American record label

Connoisseur Society was an American audiophile classical music and jazz record label. It was founded by E. Alan Silver and James Goodfriend. Silver and Goodfriend helped artists from the Eastern bloc to perform in the US during the Cold War, among them Ivan Moravec in 1962.

The label released albums of Millette Alexander and Frank Daykin, known collectively as Alexander and Daykin, Sergei Babayan, Antonio Barbosa, Samuel Bartos, Sara Davis Buechner (born David Buechner), Linda Bustani, George Darden, Anthony di Bonaventura, Kate Dillingham, Walter Hautzig, Morton Estrin, Madeleine Forte, Joyce Hatto, Michael Jamanis, Trudy Kane, Ali Akbar Khan, Ruth Laredo, Mirjana Lewis, João Carlos Martins, Blair McMillan, Ivan Moravec, Garrick Ohlsson, Zaidee Parkinson, Manitas de Plata, Richard Reid, Cynthia Raim, Alberto Reyes, Elizabeth Rich, Edward Rosser, Mordecai Shehori, Myron Silberstein, Patrick Stephens, Joe Utterback, Ilana Vered, Frances Veri, David Allen Wehr, Wanda Wiłkomirska, and Oxana Yablonskaya.

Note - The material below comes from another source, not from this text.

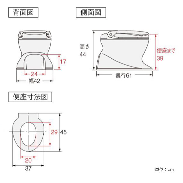 | サイズ | 約 幅42×奥行61×高さ44(cm) (便座までの高さ:39cm) |

Some of the label's releases include:

- Joe Utterback, piano; So Many Stars; Lionel Hampton/Sonny Burke: Midnight Sun; Ann Ronell: Willow Weep For Me; Bobby Troup: Get Your Kicks on Route 66 (CD 4259)
- Edward Rosser, piano; Visions of Beyond, late and last piano works by: Chopin, Beethoven, Brahms, Schubert, Liszt, Schumann, Debussy (CD 4260)
- Cynthia Raim, piano; Johannes Brahms: Haendel Variations, Three Intermezzi, Eight Kavierstücke (CD 4266)
- David Allen Wehr, piano; Beethoven: The 32 Piano Sonatas, Volume 4, 2 CDs; Schubert: Piano Sonata in B flat major (CD 4264)

The label became known for the premiere recording of Scriabin's complete 10 sonatas with Ruth Laredo in 1970 (CS 2032, CS 2034 and CS 2035).

Silver is also head of the company In Sync, which offers remasterings on CD from cassettes and LPs.